After not throwing up on the ride up, I took a lot of pictures.  Gordon of Gloucester goes to the top of the wedding cake!  Here’s a picture of Gordon (you thought I was kidding about the hat?) –

And then this view – that’s St. Peter’s (the dome on the horizon) through the overcast.



And then this one into the Forum (where we stood and Michaela complained Sunday), with Titus’s Arch there in the center.


And the Colisseum.



I put from the day in a file on picasa – here’s the link (if you want this version of the proverbial “we went on vacation, come over and we’ll show your our slides, no! We’ll bring them to your place”):

https://photos.google.com/album/AF1QipMzYHo6e3gFPXAY645OBQbQ-LNpHifIwSANBYL1

Then back to the neighbor of the B&B (on the last trip on the bus we found there was a stop across the plaza from it – not 50 yards from our front door – we blame Google maps), where we returned to the site of dinner Saturday night.  Here’s their lasagna (which no one had Saturday):


And then, off it the airport.

Into Stansted half hour late, waited in passport control for almost an hour, onto the2030  Express, which took 45 minutes, then a taxi (I have British pound notes left) to the “executive apartment” which is just across Bayswater Road from Hyde Park – a half hour ride across town.  We were exhausted when we got in, and a German fellow was busting on the front desk staff about his room, so we got in, laid down, ordered Chinese carry-out from “400 feet away” (this from Yelp) and collapsed after an episode of Sheldon’s visit from another physicist who likes to role play. :)

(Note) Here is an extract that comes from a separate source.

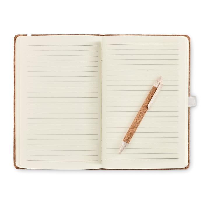 Carnet de notes en liège A5 avec stylo assorti. Couverture en liège rigide. 160 pages lignées (80 feuilles). Bande élastique de fermeture et porte-stylo. Stylo à bille à bouton-poussoir assorti avec corps en liège et détails 50% paille de blé et 50% PP. Présenté dans une boîte cadeau. Le liège est un matériau 100% naturel. En raison de sa nature structurelle et de la porosité de sa surface, le résultat final de l'impression par article peut présenter des déviations.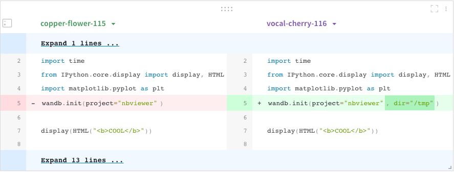 もう一つのボーナス機能として、ノートブックのdiff機能があります。Code Comparerパネルで生のJSONを表示する代わりに、各セルを抽出し、変更された行を表示します。Jupyterをより深くプラットフォームに統合するためのエキサイティングな機能がいくつか計画されています。

Tomorrow we return to the States.  We need time apart (smiley face) as we’ve begun to bicker over whether we bicker too much. :). The room in Rome didn’t even have a chair – two beds and an en suite bathroom that had a standup shower so small we worried large Italian food meals might mean some of us (yours truly) couldn’t get in (or out).  Small.  Cozy.  And the apartment in Hyde Park is similar, though the bath is larger.  Cozy.

So, home. I doubt there’ll be another blog piece.  We just hope our favorite child comes to JFK to pick us up as planned. :)

Monday, January 4, 2016

Who knew Frank doesn't come out in the rain?

M&B,

You will be disappointed to learn I got a text from Frank early afternoon saying, "Sorry Stefano mi  amici but it's a-raining. But Guido Sarducci is always good for free cappuccino+"

I hear people come to Rome for the weather. WTF is with THAT!?!? At noon my app said 43 degrees and raining... Sightseeing weather. Fortunately I was wearing my Christmas present (known as my Gordon's fisherman look, which you can imagine from family photos here), so kept dry; I bought two collapsible umbrellas for "girls", which turned out clever.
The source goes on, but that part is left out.